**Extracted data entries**
____________

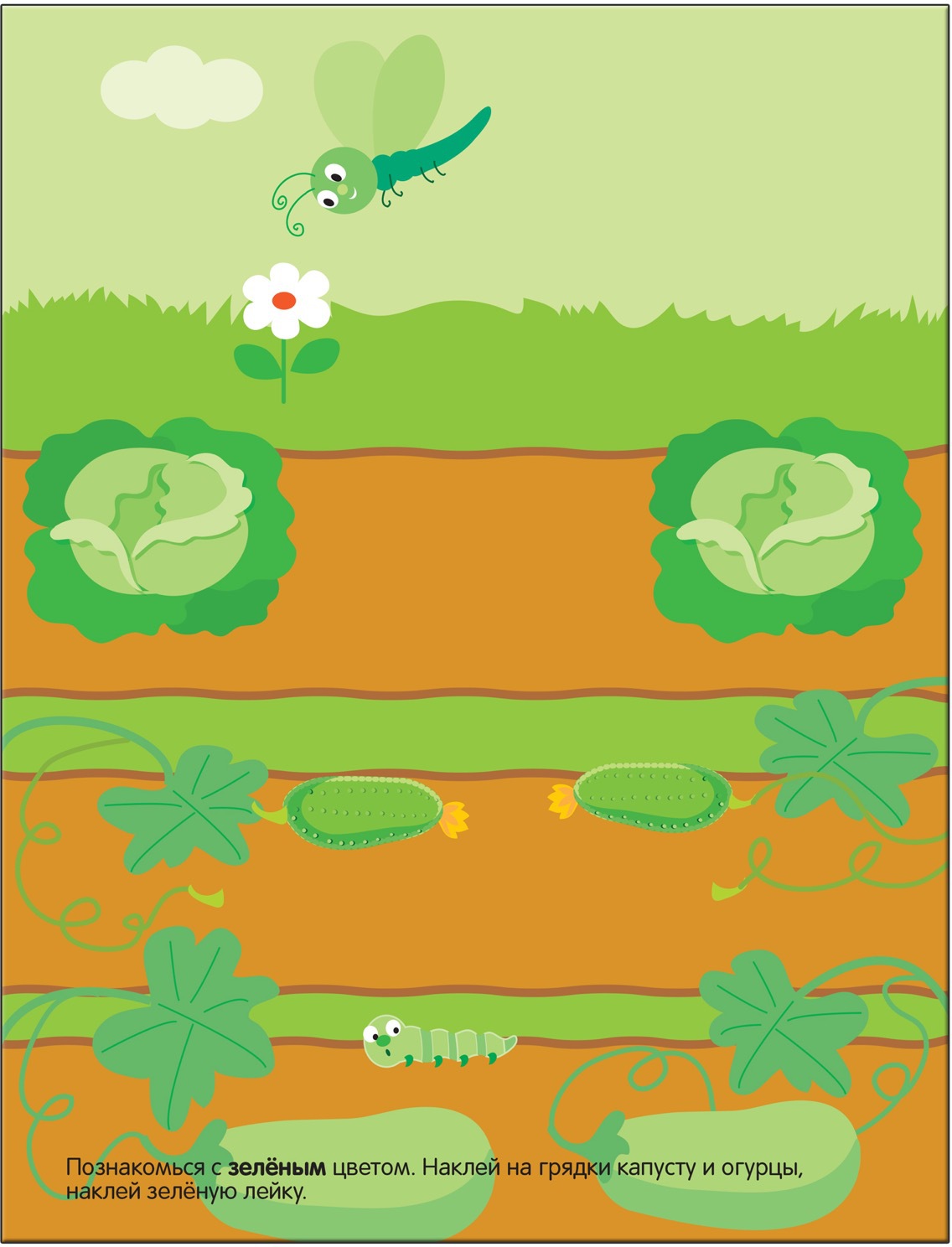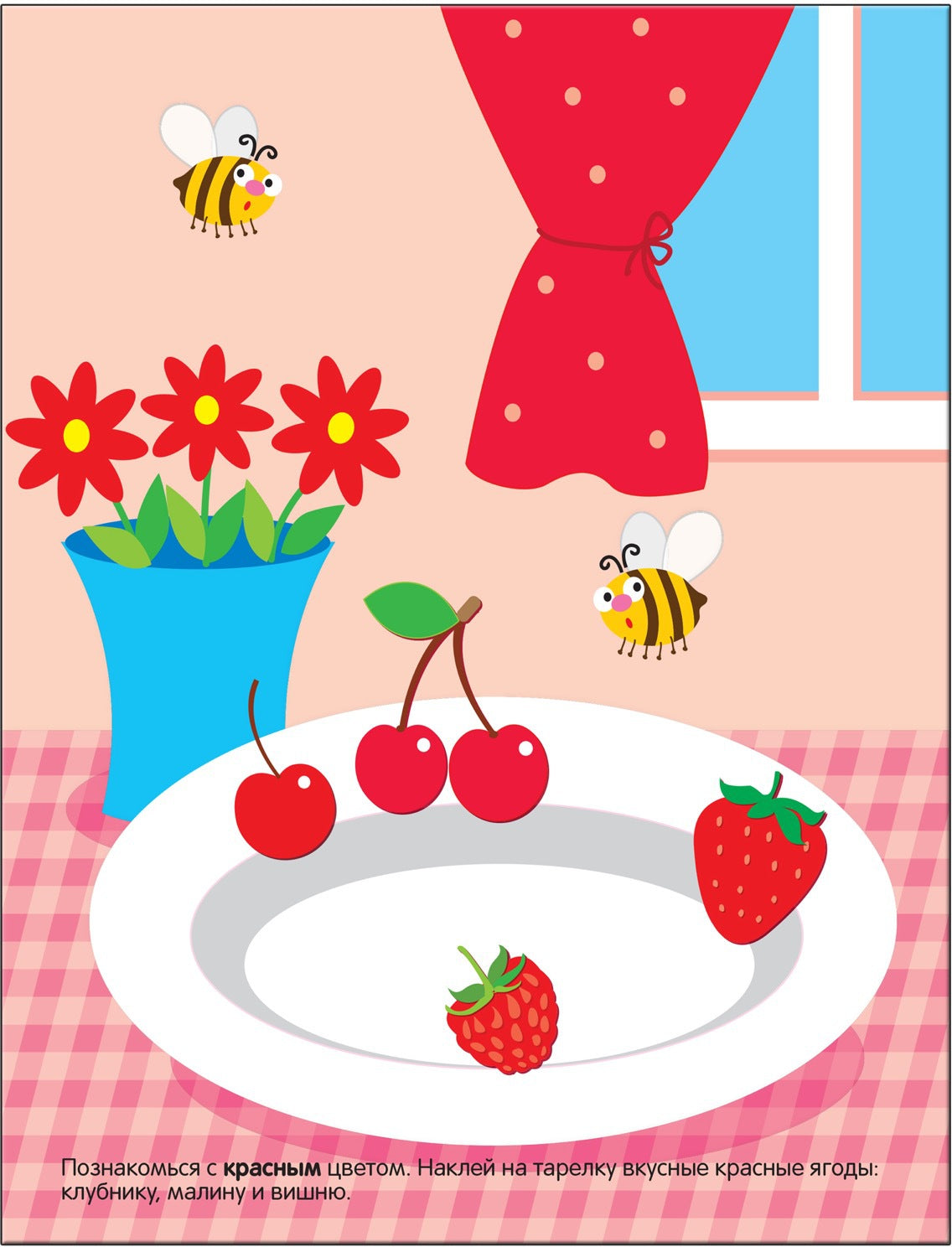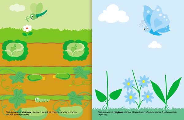 С помощью этой книги малыш познакомится с основными цветами, научиться различать и называть их (на тарелку нужно наклеить красные ягоды: клубнику, малину, вишню; на грядки – зелёные огурцы и капусту и т. д.).
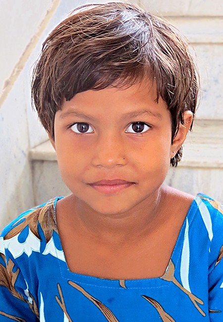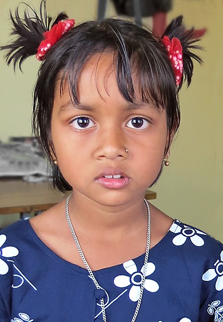 Afrina a 5 ans, c'est la soeur de Arifa. En 2024, elle a bénéficié de soutiens ponctuels pour son éducation et depuis 2025, elle est inscrite dans une nouvelle école. Son père n'est pas souvent présent mais sa mère se soucie de son éducation. Elle souhaite obtenir une place à "Rainbow", le foyer où est accueilli sa première fille. L'association soutient Afrina pour la totalité des frais scolaires.
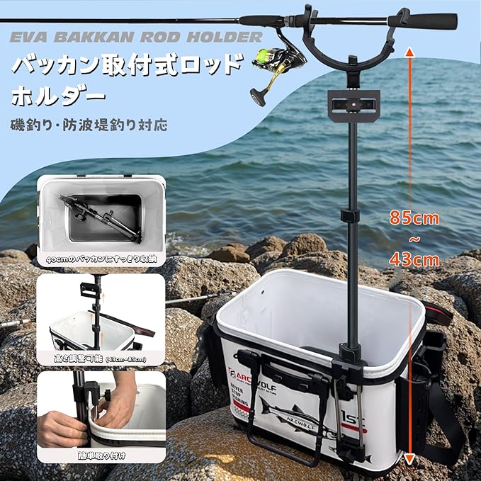 バッカン取付式ロッドホルダー 折りたたみ 高さ調整可能 しっかり固定 軽量アルミ 磯釣り 防波堤釣り 対応
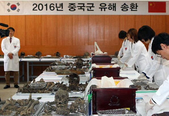 2014年3月28日,中国空军首次派出两架国产新型战机,对接迎437具在韩志愿军烈士遗骸的民航客机进行护航。2015年3月20日,空军首次派出伊尔-76飞机将68具在韩志愿军烈士遗骸接迎回国。
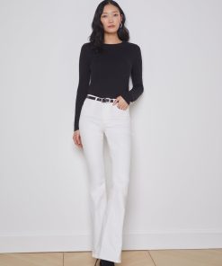 A form-fitting, long-sleeved crew neck tee in rich black. Crafted from soft and stretchy luxe microfiber, Tess features a high crew neck, long sleeves, and a smooth, lean fit. Style No. 5491MJT-BLAC
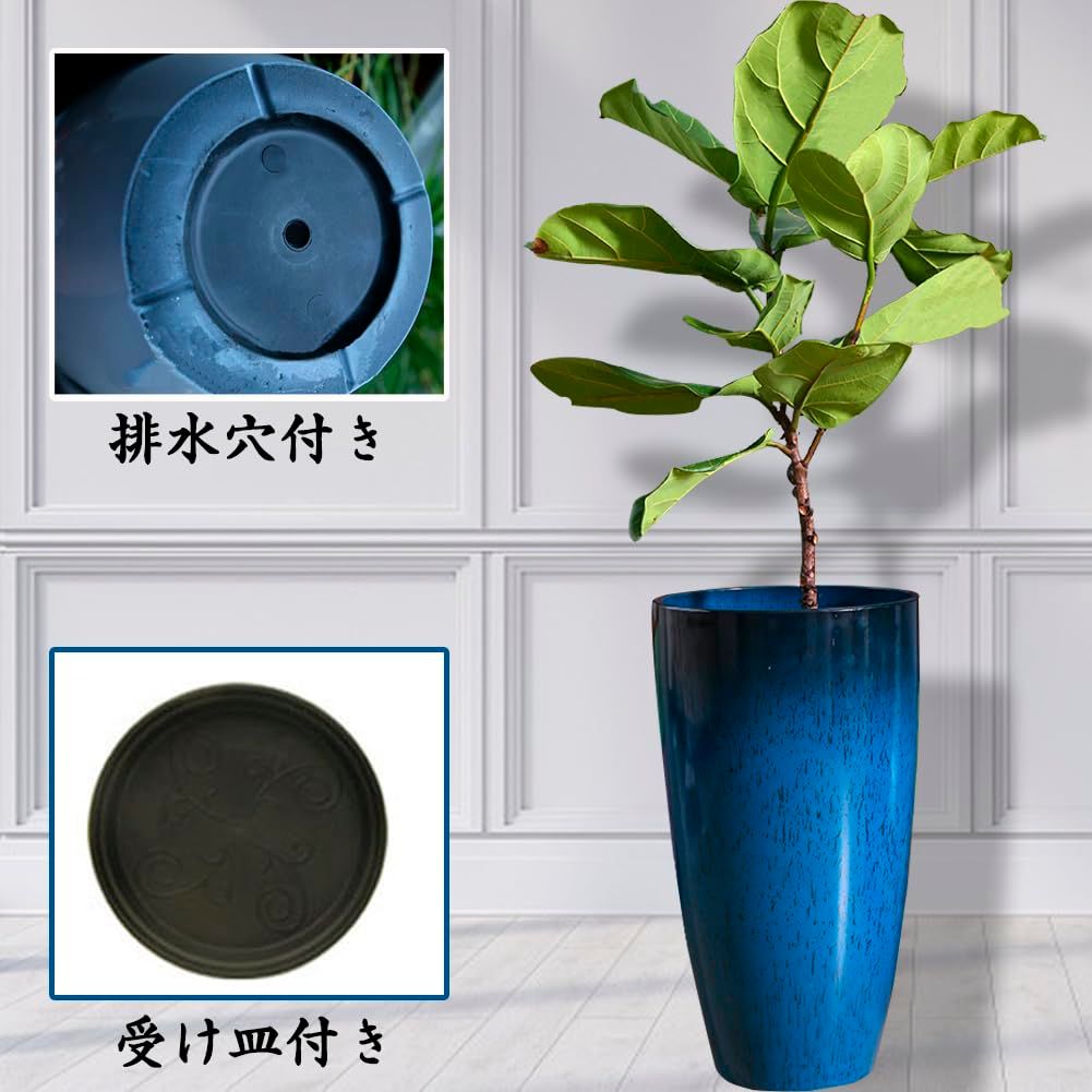 Glynislife 植木鉢 大型 おしゃれ プラスチック 軽量 受け皿付き 屋内 屋外用 高さ53.5 排水穴付き 植木鉢 花 栽培 プレゼント ギフト 母の日 観葉植物 鉢(陶器模様-ブルー 高さ約53.5外口径約30.5底径約18CM)
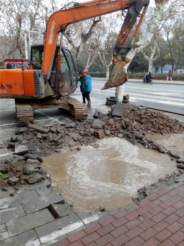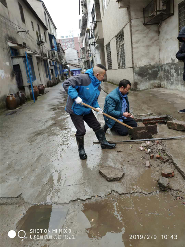 2月6日大年初二晚,景明观路多名用户同时反映水压突然降低,周边一百多个家庭的用水受到影响。接到电话后,值班干部张凌马上带上测漏班、抢修班的几名同志连夜赶往现场进行排查。他们手拿听音杆、挨家按户的敲门走访,勘察每一处下水、供水闸门和消防设施,一直忙到晚上11点,基本确定引发低压的主要原因是一处拖管暗漏导致,并锁定了具体位置。2月7日一大早,抢修班人员带齐设备重返现场,对漏点位置进行开挖,果然一条PE90的主管正在漏水。经过抢修班马不停蹄的维修,下午14:30分,漏点被彻底修复,水压力恢复正常,景明观路周边群众喜笑颜开,纷纷都为水务集团的抢修师傅们竖起了大拇指,赞叹水务集团的员工素质高,效率快!

____________

**Assignment**
Give back every entry verbatim. No pictures belong in the copy.

**The answer**
 С помощью этой книги малыш познакомится с основными цветами, научиться различать и называть их (на тарелку нужно наклеить красные ягоды: клубнику, малину, вишню; на грядки – зелёные огурцы и капусту и т. д.).
 Afrina a 5 ans, c'est la soeur de Arifa. En 2024, elle a bénéficié de soutiens ponctuels pour son éducation et depuis 2025, elle est inscrite dans une nouvelle école. Son père n'est pas souvent présent mais sa mère se soucie de son éducation. Elle souhaite obtenir une place à "Rainbow", le foyer où est accueilli sa première fille. L'association soutient Afrina pour la totalité des frais scolaires.
 バッカン取付式ロッドホルダー 折りたたみ 高さ調整可能 しっかり固定 軽量アルミ 磯釣り 防波堤釣り 対応
 2014年3月28日,中国空军首次派出两架国产新型战机,对接迎437具在韩志愿军烈士遗骸的民航客机进行护航。2015年3月20日,空军首次派出伊尔-76飞机将68具在韩志愿军烈士遗骸接迎回国。
 A form-fitting, long-sleeved crew neck tee in rich black. Crafted from soft and stretchy luxe microfiber, Tess features a high crew neck, long sleeves, and a smooth, lean fit. Style No. 5491MJT-BLAC
 Glynislife 植木鉢 大型 おしゃれ プラスチック 軽量 受け皿付き 屋内 屋外用 高さ53.5 排水穴付き 植木鉢 花 栽培 プレゼント ギフト 母の日 観葉植物 鉢(陶器模様-ブルー 高さ約53.5外口径約30.5底径約18CM)
 2月6日大年初二晚,景明观路多名用户同时反映水压突然降低,周边一百多个家庭的用水受到影响。接到电话后,值班干部张凌马上带上测漏班、抢修班的几名同志连夜赶往现场进行排查。他们手拿听音杆、挨家按户的敲门走访,勘察每一处下水、供水闸门和消防设施,一直忙到晚上11点,基本确定引发低压的主要原因是一处拖管暗漏导致,并锁定了具体位置。2月7日一大早,抢修班人员带齐设备重返现场,对漏点位置进行开挖,果然一条PE90的主管正在漏水。经过抢修班马不停蹄的维修,下午14:30分,漏点被彻底修复,水压力恢复正常,景明观路周边群众喜笑颜开,纷纷都为水务集团的抢修师傅们竖起了大拇指,赞叹水务集团的员工素质高,效率快!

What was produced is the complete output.